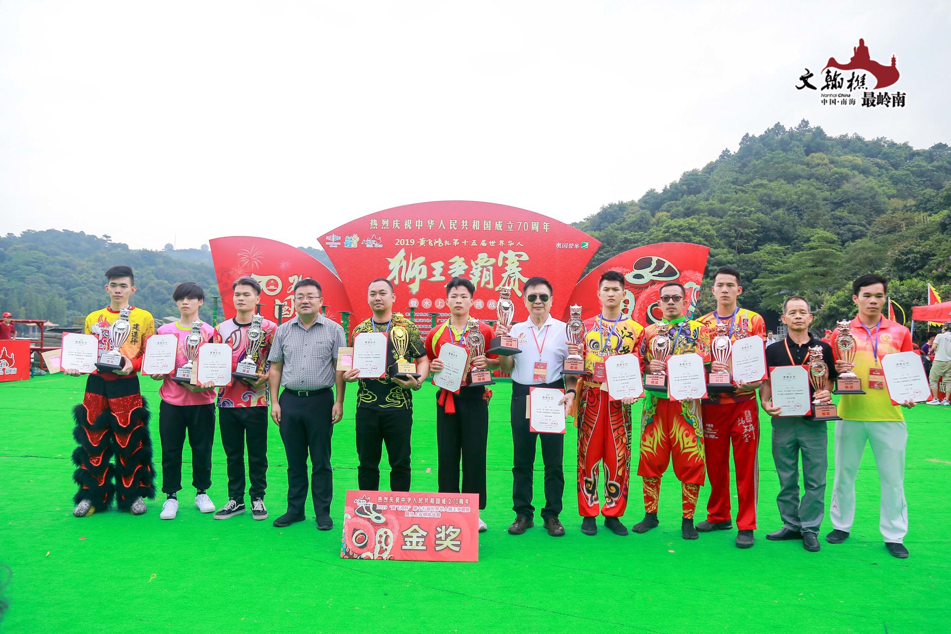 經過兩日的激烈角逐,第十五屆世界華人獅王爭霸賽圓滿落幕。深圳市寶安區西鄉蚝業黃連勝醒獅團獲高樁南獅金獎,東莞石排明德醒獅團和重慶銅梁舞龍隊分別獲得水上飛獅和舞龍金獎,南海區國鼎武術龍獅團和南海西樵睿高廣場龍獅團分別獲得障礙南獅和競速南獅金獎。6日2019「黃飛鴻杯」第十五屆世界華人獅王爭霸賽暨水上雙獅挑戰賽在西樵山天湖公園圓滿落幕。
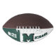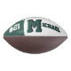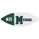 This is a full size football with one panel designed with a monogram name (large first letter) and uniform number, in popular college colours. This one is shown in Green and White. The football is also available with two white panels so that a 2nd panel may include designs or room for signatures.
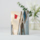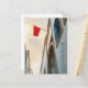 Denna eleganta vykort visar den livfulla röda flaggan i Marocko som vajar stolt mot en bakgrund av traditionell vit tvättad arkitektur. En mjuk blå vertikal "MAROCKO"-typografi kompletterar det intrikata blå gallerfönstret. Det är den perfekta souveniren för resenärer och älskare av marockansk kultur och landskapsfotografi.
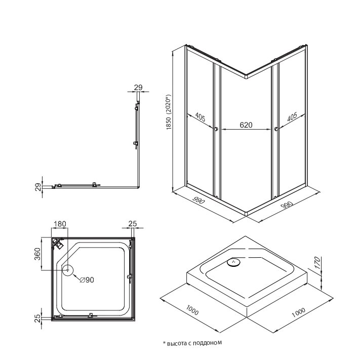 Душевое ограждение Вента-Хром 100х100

--------------------------------

§ **Task goal**
Copy the data above word for word. Pictures stay out.

§ **Answer to this task**
 經過兩日的激烈角逐,第十五屆世界華人獅王爭霸賽圓滿落幕。深圳市寶安區西鄉蚝業黃連勝醒獅團獲高樁南獅金獎,東莞石排明德醒獅團和重慶銅梁舞龍隊分別獲得水上飛獅和舞龍金獎,南海區國鼎武術龍獅團和南海西樵睿高廣場龍獅團分別獲得障礙南獅和競速南獅金獎。6日2019「黃飛鴻杯」第十五屆世界華人獅王爭霸賽暨水上雙獅挑戰賽在西樵山天湖公園圓滿落幕。
 This is a full size football with one panel designed with a monogram name (large first letter) and uniform number, in popular college colours. This one is shown in Green and White. The football is also available with two white panels so that a 2nd panel may include designs or room for signatures.
 Denna eleganta vykort visar den livfulla röda flaggan i Marocko som vajar stolt mot en bakgrund av traditionell vit tvättad arkitektur. En mjuk blå vertikal "MAROCKO"-typografi kompletterar det intrikata blå gallerfönstret. Det är den perfekta souveniren för resenärer och älskare av marockansk kultur och landskapsfotografi.
 Душевое ограждение Вента-Хром 100х100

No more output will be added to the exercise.